Coronavirus

Il virus letale della discordia

La "fase due" è un sogno, solo che a sognarlo c'è una moltitudine di avvinazzati, ognuno dei quali se la immagina a modo suo, chi di dritto e chi di rovescio, chi sbilenco e chi contromano, e tutti gridano: apri, no chiudi, fèrmati, vai avanti

Il virus letale della discordia

La «fase due» è un sogno, solo che a sognarlo c'è una moltitudine di avvinazzati, ognuno dei quali se la immagina a modo suo, chi di dritto e chi di rovescio, chi sbilenco e chi contromano, e tutti gridano: apri, no chiudi, fèrmati, vai avanti. È la brutta imitazione di un quadro di Escher, ma senza genio e visione, dove le linee si confondono a formare uno scarabocchio. Il rumore di fondo è un sovrapporsi di voci, ministri, esperti, commissari, seminaristi di questa o quella confraternita di esperti, luminari e moralisti, e gente che arriva di passaggio, dice qualcosa e se ne va. È una torre di Babele dove ognuno parla la propria lingua e quando alla fine tutti sono certi di non essersi capiti buttano lì una mezza frase in inglese pescata a caso dal libro sacro della comunicazione aziendale: lockdown, task force, herd immunity.

Attenzione, questa cosa potrebbe essere contagiosa.
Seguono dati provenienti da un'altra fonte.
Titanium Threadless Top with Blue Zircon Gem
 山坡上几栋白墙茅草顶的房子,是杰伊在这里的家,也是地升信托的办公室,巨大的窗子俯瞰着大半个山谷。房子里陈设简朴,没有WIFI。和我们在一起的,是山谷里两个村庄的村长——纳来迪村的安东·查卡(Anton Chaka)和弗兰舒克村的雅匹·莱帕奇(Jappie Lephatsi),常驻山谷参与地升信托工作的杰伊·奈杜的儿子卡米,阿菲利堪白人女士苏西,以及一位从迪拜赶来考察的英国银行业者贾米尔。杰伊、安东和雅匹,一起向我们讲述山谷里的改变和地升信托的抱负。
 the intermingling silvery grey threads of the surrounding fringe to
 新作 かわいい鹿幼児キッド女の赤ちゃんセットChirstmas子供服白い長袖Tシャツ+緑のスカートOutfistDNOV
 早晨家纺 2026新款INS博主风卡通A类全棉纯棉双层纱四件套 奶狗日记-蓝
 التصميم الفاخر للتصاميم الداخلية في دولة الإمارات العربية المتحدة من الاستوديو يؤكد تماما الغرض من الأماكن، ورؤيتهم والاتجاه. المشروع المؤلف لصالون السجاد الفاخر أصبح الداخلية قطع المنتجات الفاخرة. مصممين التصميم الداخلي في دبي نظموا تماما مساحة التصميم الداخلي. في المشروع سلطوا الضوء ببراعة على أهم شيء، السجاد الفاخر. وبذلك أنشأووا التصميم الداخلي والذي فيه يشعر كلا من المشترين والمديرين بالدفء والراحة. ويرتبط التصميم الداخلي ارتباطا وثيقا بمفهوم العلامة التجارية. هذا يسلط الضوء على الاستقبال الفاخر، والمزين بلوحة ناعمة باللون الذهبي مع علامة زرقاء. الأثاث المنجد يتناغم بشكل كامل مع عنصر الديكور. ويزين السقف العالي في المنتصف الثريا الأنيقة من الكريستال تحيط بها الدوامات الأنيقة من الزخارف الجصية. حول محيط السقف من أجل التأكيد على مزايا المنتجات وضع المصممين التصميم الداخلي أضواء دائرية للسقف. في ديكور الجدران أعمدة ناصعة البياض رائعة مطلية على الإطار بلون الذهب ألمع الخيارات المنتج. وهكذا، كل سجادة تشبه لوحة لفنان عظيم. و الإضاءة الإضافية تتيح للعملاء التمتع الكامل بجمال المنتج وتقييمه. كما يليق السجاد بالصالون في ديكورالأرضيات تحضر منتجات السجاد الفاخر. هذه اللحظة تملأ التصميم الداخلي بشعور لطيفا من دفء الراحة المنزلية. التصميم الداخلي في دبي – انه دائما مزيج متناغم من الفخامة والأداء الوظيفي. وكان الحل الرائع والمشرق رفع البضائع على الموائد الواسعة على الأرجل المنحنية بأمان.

No, non ha nulla a che fare con il Sars-Cov-2. È un virus diverso. È farsa, non dramma e colpisce l'ombelico. I sintomi sono logorrea, cecità (sociale e politica) e masturbazione. È il virus della discordia.

È antico e Omero diceva che si presentava come una piccola cosa per avanzare poi a larghe falcate sulla terra. Allora si chiamava Eris e banchettava senza invito nel giardino delle Esperidi. I suoi fratelli si chiamavano Moros (il destino avverso), Momo (la colpa), Apate (l'inganno), Nemesi (la vendetta) e Oizys (la miseria). I suoi figli Disnomia (il malgoverno) e Lethe (l'oblio).

Questa volta la malattia ha un decorso strano. All'inizio ti senti un santo. Vorresti abbracciare tutti, stringere le mani, cantare sui balconi, batterti il petto dicendo: quando tutto questo sarà finito sarò un uomo diverso. Ti commuovi per ogni piccolo gesto di solidarietà. Fai i conti con la morte, chiedendoti per chi suona la campana, perché li hai visti i carri funebri in fila indiana, le bare senza sepoltura e non ti frega più nulla delle stronzate di prima. L'essenziale ora è visibile agli occhi. Ti senti saggio, perché hai trovato nella scienza una nuova religione. Ascolti e vai tutte le sere a messa alle sei del pomeriggio, attento ai numeri dei nuovi sacerdoti. È la fine del mondo, ma tra quaranta giorni ci sarà la resurrezione. La promessa è scritta sui muri: state a casa e andrà tutto bene.

Il virus però è infido e trova la strada per ingannare le difese immunitarie. Ti convince che sei buono. Ti sussurra: siamo fratelli, fratelli d'Italia e tutti insieme ci svegliamo una mattina e cantiamo Bella ciao. Non mi riconosci? Tu sei come me e il male sono sempre gli altri. Gli altri chi? Gli altri.

Poi invece comincia la giostra. Di chi è la colpa? I sedentari contro i marciatori, i giovani contro i vecchi, lo Stato contro le Regioni, il Sud contro il Nord, la Campania contro la Lombardia, i favorevoli contro i contrari, sicurezza contro libertà, la giustizia contro la legge, il pubblico contro il privato, quelli che lavorano contro quelli che non lavorano, i partigiani del Mes contro i patrioti degli eurobond. Tutto si sfalda. Non c'è più maggioranza e neppure opposizione. Ogni sottosegretariato è una fazione. Il premier non si fida del ministro dell'Economia, il Pd non si fida del vecchio amico Renzi e insieme tengono a distanza i grillini, i quali ormai si sono frammentati in cinque stelle, ognuna della quali dice all'altra: traditore. Tutti vorrebbero fare fuori Conte, ma non si mettono d'accordo su come. Ci sarebbe la scienza: terra sacra della ragione. Peccato che pure i virologi si siano messi a sacramentare, ognuno in fondo perso dentro al Coronavirus suo.

Chi dice che è biondo, chi dice che è alto, chi dice che dorme e chi sostiene che al massimo riposa, chi ci gioca a biliardo e chi lo mostra in tv. Risultato: sarebbe bello uscire, ma ne vale davvero la pena?